Welcome to a new year in the Dundee Hills. Our grape vines are tucked in for the winter, doing the hard and important work of expanding their root structure, gathering the nutrients of the soil and preparing for a year of vigorous growth and fruit production. All of this foundational work will come to fruition this fall when harvest begins on our 2022 vintage.

Every month this year, we’ll take you into the vineyards and behind the scenes to show you what’s happening in the vineyard. As the months pass, you’ll watch as our vines are pruned, as bud break begins, as clusters begin to form, as grapes ripen and shift color in a process called veraison, as harvest begins and this 2022 vintage is finally put into barrels and bottles to age and wait for the perfect moment for all of us to enjoy.

Wine is the end result of the flexibility, tenacity and trained instincts of our winemakers to know when to wait and when to jump. It’s the outcome of our annual dance with mother nature–and each year is its own dance. Join us as we follow the 2022 vintage!

January is one of the coldest months of the year in the Dundee Hills, a sub-AVA of the Willamette Valley. Our vines are dormant, being sustained by the carbohydrates they stored up in their trunks during the 2021 growing season. As the weather warms in March and April, sap will begin to flow and our Pinot Noir, Chardonnay, Pinot Gris vines (and so many other varietals!) will awaken. But for now while they sleep, we prune them back and train their canes to ready them for the next season of growth.

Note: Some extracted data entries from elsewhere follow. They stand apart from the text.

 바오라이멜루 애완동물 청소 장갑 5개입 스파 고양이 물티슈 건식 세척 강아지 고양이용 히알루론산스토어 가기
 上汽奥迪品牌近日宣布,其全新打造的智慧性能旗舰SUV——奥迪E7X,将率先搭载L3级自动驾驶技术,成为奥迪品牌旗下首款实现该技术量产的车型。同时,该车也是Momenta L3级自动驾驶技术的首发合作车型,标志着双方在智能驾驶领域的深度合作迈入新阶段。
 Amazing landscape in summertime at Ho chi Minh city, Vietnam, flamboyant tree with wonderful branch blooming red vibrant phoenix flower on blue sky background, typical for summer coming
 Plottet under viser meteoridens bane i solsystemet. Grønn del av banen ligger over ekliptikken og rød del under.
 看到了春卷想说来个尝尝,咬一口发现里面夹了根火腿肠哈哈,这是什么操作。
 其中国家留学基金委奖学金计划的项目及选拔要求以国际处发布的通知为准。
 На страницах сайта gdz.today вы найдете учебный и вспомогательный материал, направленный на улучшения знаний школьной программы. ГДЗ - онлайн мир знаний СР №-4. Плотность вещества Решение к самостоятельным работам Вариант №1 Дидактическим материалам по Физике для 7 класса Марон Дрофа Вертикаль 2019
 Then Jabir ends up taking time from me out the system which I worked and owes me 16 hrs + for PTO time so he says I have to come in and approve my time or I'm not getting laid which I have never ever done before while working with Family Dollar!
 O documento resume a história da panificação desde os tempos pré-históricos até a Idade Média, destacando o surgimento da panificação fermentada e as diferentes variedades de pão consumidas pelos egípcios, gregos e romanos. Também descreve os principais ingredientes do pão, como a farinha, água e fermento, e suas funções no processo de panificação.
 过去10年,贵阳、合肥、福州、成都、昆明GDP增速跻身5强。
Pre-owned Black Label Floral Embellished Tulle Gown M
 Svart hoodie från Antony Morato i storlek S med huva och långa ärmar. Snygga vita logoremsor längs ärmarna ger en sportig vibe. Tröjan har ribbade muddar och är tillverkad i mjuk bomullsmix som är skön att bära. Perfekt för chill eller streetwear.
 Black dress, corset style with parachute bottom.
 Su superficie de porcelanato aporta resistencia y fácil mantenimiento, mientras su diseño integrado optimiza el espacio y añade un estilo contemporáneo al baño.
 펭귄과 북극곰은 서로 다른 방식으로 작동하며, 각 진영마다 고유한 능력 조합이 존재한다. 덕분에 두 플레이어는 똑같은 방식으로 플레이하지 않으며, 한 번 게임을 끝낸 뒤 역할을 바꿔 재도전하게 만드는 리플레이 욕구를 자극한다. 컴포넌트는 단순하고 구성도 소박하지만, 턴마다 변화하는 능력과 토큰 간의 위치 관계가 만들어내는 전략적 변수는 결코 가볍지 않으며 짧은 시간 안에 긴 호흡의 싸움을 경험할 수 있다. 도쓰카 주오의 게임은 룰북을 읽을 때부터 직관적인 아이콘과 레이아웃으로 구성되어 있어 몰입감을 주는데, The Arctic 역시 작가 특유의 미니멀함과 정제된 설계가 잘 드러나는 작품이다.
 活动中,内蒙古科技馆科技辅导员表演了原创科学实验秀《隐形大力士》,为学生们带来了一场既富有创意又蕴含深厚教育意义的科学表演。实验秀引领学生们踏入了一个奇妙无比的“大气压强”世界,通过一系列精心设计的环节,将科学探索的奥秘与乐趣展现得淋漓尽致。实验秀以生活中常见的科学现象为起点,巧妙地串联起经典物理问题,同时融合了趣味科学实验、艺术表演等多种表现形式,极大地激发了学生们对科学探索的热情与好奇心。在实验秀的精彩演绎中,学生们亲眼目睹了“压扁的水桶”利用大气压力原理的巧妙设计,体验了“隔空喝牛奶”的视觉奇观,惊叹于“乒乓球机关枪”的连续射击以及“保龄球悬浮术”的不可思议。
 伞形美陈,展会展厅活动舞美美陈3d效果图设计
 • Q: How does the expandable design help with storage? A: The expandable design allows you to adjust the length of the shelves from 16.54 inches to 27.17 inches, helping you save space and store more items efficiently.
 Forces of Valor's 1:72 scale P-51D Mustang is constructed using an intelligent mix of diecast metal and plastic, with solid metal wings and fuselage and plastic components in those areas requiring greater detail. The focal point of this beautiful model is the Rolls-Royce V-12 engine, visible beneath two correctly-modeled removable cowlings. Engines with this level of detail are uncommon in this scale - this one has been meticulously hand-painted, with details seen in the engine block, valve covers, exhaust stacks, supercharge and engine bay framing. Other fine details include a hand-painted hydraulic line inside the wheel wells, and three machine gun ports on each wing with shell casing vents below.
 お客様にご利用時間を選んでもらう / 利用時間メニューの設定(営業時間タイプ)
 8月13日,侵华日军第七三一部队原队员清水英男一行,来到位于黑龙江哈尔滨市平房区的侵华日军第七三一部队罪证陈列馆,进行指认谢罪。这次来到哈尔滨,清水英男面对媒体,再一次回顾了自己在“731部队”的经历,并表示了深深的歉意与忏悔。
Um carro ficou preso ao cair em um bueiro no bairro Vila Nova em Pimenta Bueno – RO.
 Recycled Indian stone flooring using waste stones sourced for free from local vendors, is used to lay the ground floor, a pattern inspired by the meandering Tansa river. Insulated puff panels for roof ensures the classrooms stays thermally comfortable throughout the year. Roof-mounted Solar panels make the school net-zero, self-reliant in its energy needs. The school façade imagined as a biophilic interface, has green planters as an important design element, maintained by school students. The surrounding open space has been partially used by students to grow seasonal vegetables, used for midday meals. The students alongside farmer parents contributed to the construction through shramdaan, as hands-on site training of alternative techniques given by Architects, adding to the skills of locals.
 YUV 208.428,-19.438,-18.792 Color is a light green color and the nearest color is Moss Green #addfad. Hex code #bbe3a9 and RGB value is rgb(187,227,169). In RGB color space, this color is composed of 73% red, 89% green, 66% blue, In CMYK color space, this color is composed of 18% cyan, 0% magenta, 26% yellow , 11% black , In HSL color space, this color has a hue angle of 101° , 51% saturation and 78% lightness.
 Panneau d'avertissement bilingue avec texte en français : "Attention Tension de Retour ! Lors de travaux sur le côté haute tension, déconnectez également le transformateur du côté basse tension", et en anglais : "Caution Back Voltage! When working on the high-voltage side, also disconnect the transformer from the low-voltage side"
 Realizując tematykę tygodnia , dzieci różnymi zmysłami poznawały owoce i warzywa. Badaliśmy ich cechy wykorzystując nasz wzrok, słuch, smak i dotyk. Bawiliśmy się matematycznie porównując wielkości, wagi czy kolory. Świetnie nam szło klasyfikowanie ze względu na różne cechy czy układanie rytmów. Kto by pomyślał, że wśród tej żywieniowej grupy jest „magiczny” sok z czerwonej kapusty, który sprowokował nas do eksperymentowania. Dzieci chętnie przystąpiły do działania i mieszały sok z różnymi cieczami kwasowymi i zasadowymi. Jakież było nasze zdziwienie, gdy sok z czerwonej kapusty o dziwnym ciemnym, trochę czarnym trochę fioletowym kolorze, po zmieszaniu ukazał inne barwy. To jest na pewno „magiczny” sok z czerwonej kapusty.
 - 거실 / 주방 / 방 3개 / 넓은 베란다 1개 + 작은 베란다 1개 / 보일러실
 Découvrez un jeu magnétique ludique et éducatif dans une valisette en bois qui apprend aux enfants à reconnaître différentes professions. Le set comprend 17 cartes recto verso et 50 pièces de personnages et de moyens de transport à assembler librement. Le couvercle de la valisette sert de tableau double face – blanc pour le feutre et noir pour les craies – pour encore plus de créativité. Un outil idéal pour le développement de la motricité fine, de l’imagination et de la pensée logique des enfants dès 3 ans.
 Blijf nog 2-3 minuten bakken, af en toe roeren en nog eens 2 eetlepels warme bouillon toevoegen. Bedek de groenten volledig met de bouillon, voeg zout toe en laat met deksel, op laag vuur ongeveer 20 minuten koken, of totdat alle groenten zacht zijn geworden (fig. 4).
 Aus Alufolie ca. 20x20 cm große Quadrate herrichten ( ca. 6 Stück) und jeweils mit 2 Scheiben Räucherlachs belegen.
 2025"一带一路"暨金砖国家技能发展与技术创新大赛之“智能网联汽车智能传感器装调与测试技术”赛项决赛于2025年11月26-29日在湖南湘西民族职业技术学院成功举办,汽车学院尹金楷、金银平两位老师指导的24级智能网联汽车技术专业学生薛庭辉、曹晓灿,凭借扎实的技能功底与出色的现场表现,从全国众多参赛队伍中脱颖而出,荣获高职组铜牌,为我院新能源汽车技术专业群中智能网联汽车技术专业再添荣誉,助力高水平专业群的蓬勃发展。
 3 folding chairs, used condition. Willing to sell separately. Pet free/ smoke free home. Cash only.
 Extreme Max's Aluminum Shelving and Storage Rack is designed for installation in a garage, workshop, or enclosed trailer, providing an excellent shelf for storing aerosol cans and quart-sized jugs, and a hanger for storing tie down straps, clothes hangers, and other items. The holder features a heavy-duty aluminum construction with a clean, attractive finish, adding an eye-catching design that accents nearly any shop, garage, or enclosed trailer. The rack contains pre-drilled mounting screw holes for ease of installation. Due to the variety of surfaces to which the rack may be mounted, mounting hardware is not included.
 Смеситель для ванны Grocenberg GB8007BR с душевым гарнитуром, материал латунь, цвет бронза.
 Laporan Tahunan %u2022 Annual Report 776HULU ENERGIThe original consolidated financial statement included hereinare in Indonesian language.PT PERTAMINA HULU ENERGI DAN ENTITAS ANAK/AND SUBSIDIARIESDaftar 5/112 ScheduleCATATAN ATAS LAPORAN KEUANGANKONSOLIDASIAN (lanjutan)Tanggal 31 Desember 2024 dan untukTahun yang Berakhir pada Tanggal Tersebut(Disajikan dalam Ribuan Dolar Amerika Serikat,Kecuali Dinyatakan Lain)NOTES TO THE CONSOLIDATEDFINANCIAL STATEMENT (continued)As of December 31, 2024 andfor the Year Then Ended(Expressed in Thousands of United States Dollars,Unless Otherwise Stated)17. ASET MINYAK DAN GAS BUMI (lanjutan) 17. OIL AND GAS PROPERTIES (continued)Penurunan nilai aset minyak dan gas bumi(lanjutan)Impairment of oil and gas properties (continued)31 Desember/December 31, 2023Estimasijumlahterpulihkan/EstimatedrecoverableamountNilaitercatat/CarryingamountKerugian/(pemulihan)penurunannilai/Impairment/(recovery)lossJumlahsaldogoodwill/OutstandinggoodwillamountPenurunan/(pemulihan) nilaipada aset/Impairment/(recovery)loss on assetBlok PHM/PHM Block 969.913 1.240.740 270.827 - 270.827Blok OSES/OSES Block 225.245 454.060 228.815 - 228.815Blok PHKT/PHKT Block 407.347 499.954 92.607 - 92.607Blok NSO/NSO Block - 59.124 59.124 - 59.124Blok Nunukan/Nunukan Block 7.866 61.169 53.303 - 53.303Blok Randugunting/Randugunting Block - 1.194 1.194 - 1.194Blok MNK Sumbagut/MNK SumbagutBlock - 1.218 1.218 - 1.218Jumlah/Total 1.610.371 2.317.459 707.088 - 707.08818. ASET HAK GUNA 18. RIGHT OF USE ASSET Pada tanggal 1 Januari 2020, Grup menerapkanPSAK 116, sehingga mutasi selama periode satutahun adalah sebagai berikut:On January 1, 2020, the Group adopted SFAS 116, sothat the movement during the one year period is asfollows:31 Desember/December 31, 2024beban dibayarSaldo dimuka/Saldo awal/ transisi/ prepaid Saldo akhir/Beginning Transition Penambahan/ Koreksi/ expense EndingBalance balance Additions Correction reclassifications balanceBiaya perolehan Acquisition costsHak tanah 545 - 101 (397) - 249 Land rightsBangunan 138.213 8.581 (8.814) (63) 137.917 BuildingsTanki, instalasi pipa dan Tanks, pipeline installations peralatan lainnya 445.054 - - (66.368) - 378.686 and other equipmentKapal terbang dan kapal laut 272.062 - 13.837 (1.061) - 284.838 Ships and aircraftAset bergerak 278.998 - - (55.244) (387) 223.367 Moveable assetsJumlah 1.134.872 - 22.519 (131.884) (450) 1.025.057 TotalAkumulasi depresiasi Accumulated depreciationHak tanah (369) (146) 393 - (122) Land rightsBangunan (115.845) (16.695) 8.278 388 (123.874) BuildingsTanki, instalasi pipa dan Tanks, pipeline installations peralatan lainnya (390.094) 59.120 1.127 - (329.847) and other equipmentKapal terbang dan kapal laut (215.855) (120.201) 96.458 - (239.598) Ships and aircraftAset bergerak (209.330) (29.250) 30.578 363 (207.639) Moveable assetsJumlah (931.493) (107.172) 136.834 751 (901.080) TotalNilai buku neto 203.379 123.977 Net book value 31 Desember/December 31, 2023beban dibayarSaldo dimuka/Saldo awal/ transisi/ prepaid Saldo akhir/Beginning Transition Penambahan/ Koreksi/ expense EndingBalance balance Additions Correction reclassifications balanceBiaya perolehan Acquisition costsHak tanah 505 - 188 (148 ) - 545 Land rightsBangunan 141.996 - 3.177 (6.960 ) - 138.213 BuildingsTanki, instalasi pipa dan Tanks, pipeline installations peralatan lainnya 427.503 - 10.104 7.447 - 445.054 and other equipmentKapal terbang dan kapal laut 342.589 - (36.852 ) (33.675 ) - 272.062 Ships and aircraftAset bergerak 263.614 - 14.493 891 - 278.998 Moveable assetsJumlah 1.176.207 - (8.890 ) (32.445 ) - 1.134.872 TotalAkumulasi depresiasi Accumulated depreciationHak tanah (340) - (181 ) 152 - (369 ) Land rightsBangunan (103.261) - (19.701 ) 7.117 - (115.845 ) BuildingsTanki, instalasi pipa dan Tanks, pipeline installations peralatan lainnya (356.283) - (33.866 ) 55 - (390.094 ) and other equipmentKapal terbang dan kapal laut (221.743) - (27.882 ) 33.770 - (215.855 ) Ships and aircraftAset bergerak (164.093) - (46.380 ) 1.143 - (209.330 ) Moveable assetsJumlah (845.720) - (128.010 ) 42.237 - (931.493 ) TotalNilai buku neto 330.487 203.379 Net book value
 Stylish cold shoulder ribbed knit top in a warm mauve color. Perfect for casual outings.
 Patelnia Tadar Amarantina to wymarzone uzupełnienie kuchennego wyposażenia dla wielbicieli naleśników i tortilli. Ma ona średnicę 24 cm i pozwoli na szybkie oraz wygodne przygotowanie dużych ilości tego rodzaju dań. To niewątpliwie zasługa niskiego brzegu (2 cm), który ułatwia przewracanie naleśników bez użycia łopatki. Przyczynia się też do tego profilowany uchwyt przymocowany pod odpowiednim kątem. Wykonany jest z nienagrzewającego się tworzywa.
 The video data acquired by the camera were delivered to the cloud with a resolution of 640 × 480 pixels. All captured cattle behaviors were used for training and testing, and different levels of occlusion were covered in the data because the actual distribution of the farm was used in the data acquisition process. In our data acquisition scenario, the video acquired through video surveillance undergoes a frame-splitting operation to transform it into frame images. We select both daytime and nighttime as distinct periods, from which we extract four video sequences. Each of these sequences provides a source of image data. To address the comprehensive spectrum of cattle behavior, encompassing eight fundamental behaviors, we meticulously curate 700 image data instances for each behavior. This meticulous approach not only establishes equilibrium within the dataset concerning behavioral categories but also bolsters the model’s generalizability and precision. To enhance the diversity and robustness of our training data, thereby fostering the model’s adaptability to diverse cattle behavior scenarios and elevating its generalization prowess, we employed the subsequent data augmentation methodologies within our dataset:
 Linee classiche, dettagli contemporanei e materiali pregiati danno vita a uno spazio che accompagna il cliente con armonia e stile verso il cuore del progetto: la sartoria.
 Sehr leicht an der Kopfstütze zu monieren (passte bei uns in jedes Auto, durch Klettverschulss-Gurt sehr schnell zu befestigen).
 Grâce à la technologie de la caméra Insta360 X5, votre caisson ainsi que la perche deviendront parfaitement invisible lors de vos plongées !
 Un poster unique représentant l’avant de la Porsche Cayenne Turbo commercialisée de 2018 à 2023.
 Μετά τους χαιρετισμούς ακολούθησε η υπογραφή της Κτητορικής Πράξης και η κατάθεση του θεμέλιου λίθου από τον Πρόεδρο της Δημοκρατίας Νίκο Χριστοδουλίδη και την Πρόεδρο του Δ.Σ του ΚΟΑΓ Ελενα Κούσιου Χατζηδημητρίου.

Pruning is thankless work, all done by hand and repeated six days a week on vine after vine across dozens of vineyard acres in the cold, wet Oregon months of January and February. Many vineyard acres have close to 1,200 vines each, so a 50-acre vineyard could include up to 60,000 vines.

This process is critical because it strongly influences the quality and quantity of the harvest we’ll see this fall. Over-pruning results in vines that put their energy into leafing and branching out rather than putting energy into clusters. Under-pruning leads to vines with more grape clusters than can be supported. Both negatively impact the health and yield of the grapes.

Don’t forget that grape vines are vines. Meaning, they are prolific growers that want to spread, explore and ramble across as much open space as they can find. But allowing that freedom would give permission for all their energy to go into shoot and leaf growth rather than grape production. And it would make for a tangled, chaotic vineyard that’s absolutely impossible to maintain. Thus our vineyard stewards carefully prune, cane train, and take numerous other measures to tame these vigorous vines towards a productive harvest.

Next month, we’ll take you deeper into the process of pruning vines and training the canes to support the next season of growth. The methods our vineyard stewards take are influenced by elevation, productivity of the vines and timing of bud break.

The next time you pour a glass of Dundee Hills wine, take a moment to consider the journey the grapes took in the vineyard. It started in the coldest winter months while the vines lay dormant. Vineyard stewards pruned and tied down the canes that sustained the grape clusters that were eventually picked, pressed and aged into the wine in your glass. Cultivating grapes is an intentional and physical process at every step. And that makes the end result – the gorgeous wine swirling in your glass – all the sweeter of a victory.